Structural frequency as a variable in sentence processing: training alternative structures in relative clause disambiguation

Javier García-Orza, Jose Miguel Rodríguez Santos, Maria Jose Blanca
jgorza@uma.es, jmiguel.rodriguez@uma.es, Blamen@uma.es
University of Malaga (Spain)

The role of experience at structural levels in the sentence disambiguation process is a controversial issue. Although some models (constraint-based models, tuning) defend the relevance of structural experience, this variable is neglected or ignored by a great number of other models (garden-path, construal, prosodic phrasing, parameterized head-attachment). Currently some proponents of the role of experience in sentence processing have expressed their doubts about the role of experience with syntactic structures (Gibson and Pearlmutter, 1998). These doubts increase with the finding of new data from corpus studies and production studies which seem to show that structural exposure is not able to explain attachment preferences (Mitchell and Brysbaert, 1998; Pickering, Traxler and Crocker, 2000).

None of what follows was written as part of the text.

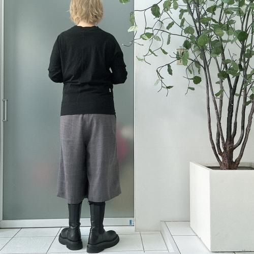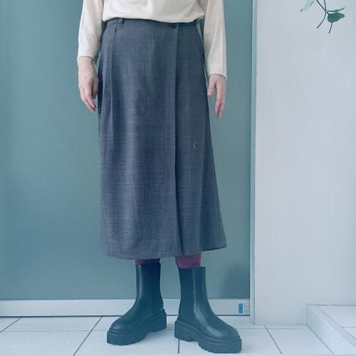 グレンチェック、ピンストライプのマニッシュテイストの梳毛ウールを使用したスカートライクなドレープパンツ。

In this research we defend the role of experience with syntactic structures in sentence processing, through the presentation of several experiments carried out in Spanish. In these studies structural frequency is manipulated, so one experimental group is exposed to high attachment relative clause sentences (1a), and the other experimental group to low attachment sentences (1b).

(1)
a.
Los vecinos encontraron al inquilino (masc) de la casera (fem) que pagaba disgustada (fem) las facturas (low attachment)
The neighbors found the tenant (masc) of the lanlady (fem) who paid angry (fem) the bills
b.
Los vecinos encontraron al inquilino (masc) de la casera (fem) que pagaba disgustado (masc) las facturas (high attachment)
The neighbors found the tenant (masc) of the landlady (fem) who paid angry (masc) the bills
Data show an asymetric effect in both off-line and on-line experiments. The initial high attachment preferences, habitually found in Spanish, do not change in the group exposed to high attachment. However, the group exposed to low attachment sentences, those sentences that are less frequent in Spanish and are not initially preferred by people, do change their structural preferences.

These findings are discussed in relation to models of sentence disambiguation, and several plausible explanations are analysed. The need to consider structural frequency as a variable in sentence processing is argued for.

We also claim that we need to consider structural frequency as a variable together with others in the processing of sentences, and not as the only one, as is claimed by the tuning hypothesis.

Several mechanisms through wich this variable might work are considered. At issue is wheter structural frequency is reduced to sentence disambiguation or whether it takes part in nonambiguous sentence processing too.



References

Gibson, E. & Pearlmutter, N.J. (1998). Constraints in sentence comprehension. Trends in Cognitive Sciences, 2, 262-268

Mitchell, D.C.; Brysbaert, M. (1998). Challenges to recent theories of crosslinguistic variation in parsing: Evidence from Dutch. In D. Hillert (Ed.), Sentence processing: A cross-linguistic prespective (pp. 313-335). NY: Academic Press.

Pickering, M.J.; Traxler, M.J. & Crocker, M.W. (2000). Ambiguity resolution in sentence processing: Evidence against frequency-based accounts. Journal of Memory and Language, 43, 447-475.